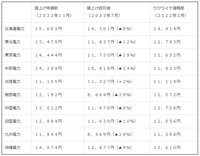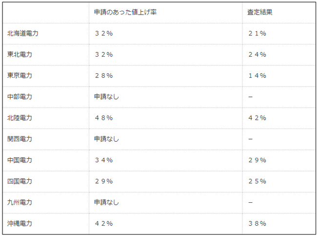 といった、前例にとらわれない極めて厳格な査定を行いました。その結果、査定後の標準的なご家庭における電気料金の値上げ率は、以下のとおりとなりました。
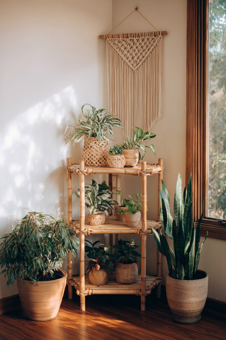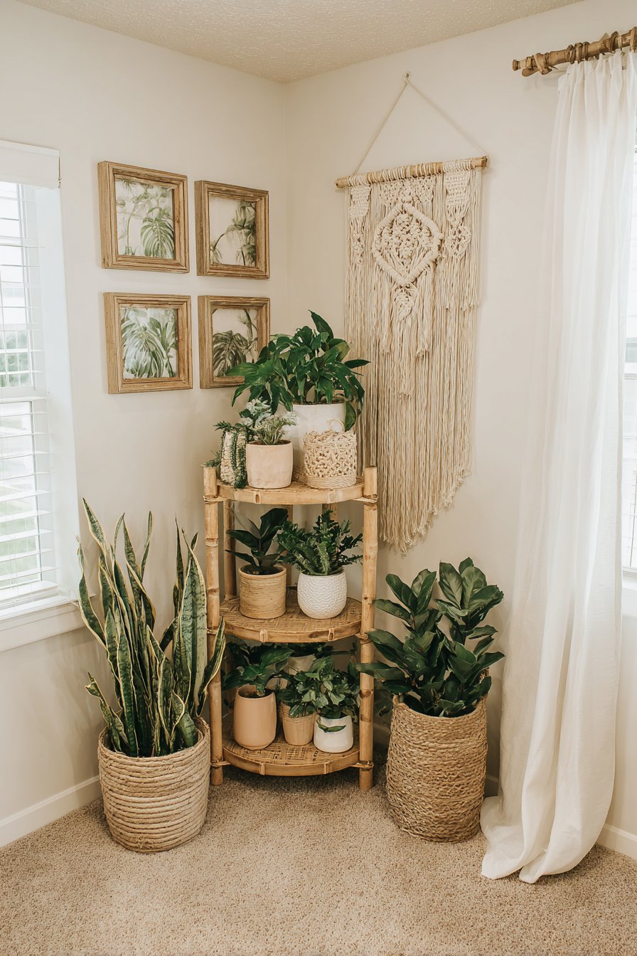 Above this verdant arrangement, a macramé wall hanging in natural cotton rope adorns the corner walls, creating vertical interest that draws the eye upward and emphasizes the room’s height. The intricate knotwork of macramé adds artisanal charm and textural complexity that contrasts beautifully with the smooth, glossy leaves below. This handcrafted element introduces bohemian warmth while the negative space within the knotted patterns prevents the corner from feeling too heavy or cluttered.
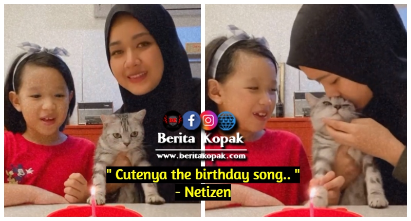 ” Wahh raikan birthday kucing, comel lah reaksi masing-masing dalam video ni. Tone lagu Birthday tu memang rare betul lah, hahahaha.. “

* * *

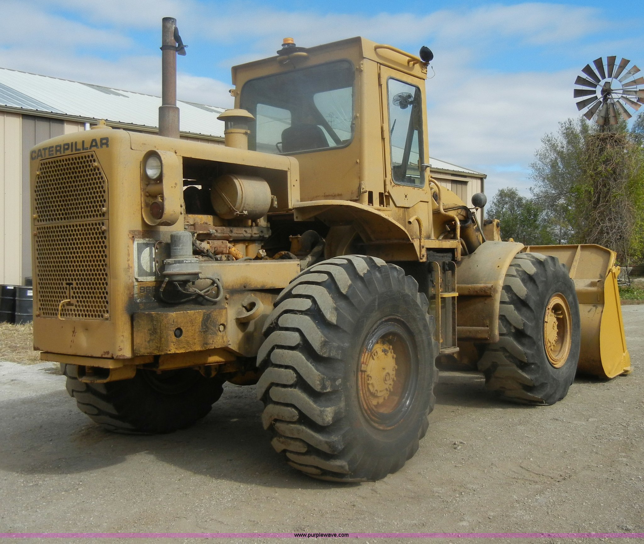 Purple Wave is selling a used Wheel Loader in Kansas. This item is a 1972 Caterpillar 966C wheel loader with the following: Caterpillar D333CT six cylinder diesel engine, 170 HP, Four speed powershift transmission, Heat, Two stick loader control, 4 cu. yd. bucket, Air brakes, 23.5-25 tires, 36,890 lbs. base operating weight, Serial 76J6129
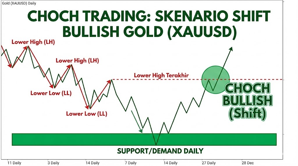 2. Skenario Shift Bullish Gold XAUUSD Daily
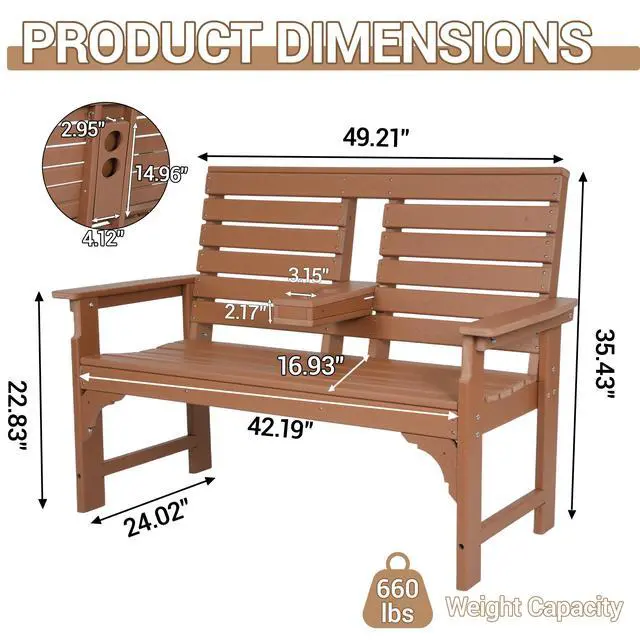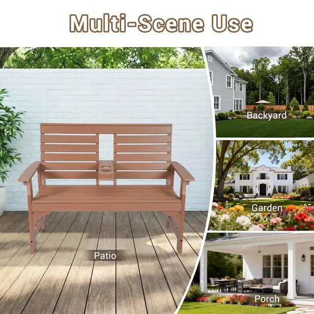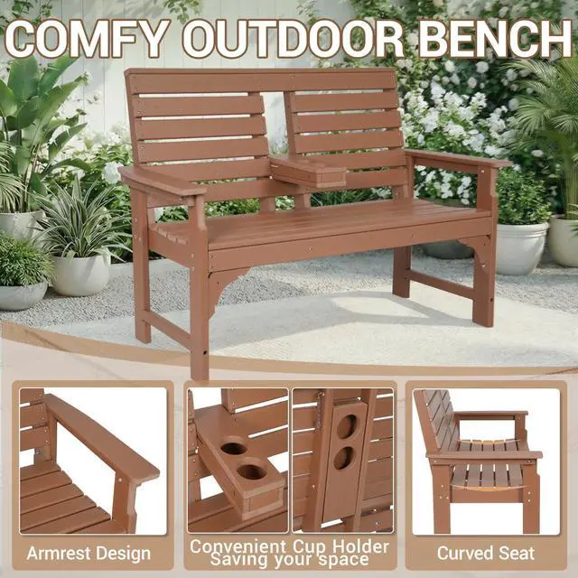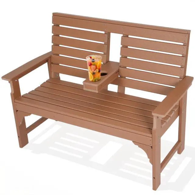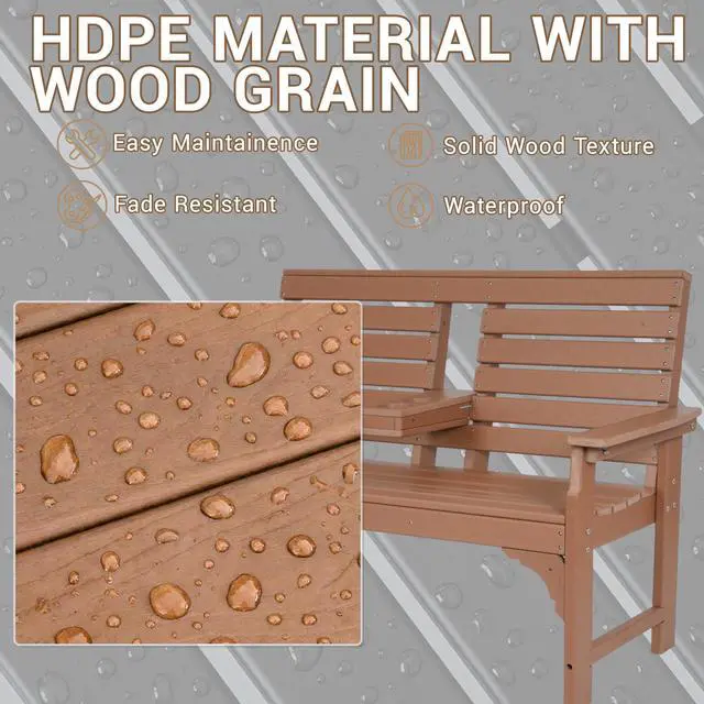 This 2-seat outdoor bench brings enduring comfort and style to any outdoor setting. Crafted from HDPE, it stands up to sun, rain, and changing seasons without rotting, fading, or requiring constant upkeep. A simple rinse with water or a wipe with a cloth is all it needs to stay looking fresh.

* * *

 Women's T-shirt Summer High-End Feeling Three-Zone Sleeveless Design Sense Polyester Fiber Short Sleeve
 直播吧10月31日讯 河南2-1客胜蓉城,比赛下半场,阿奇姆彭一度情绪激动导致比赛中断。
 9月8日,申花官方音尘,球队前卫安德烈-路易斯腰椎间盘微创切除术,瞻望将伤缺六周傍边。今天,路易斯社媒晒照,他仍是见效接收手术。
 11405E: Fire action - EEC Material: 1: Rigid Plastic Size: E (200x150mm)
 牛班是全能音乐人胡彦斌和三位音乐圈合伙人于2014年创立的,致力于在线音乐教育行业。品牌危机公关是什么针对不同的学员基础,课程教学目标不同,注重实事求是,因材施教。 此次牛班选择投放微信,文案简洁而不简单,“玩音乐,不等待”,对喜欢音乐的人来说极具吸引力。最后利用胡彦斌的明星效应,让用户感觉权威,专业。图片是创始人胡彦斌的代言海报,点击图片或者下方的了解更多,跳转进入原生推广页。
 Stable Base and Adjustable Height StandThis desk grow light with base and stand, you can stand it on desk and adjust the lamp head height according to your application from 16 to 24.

● **WORK ORDER**
Copy word for word the stretch of entries above from the line that has "11405E: Fire action" through the line that has "牛班是全能音乐人胡彦斌和三位", both ends included, and nothing outside it.

● **YOUR SOLUTION**
 11405E: Fire action - EEC Material: 1: Rigid Plastic Size: E (200x150mm)
 牛班是全能音乐人胡彦斌和三位音乐圈合伙人于2014年创立的,致力于在线音乐教育行业。品牌危机公关是什么针对不同的学员基础,课程教学目标不同,注重实事求是,因材施教。 此次牛班选择投放微信,文案简洁而不简单,“玩音乐,不等待”,对喜欢音乐的人来说极具吸引力。最后利用胡彦斌的明星效应,让用户感觉权威,专业。图片是创始人胡彦斌的代言海报,点击图片或者下方的了解更多,跳转进入原生推广页。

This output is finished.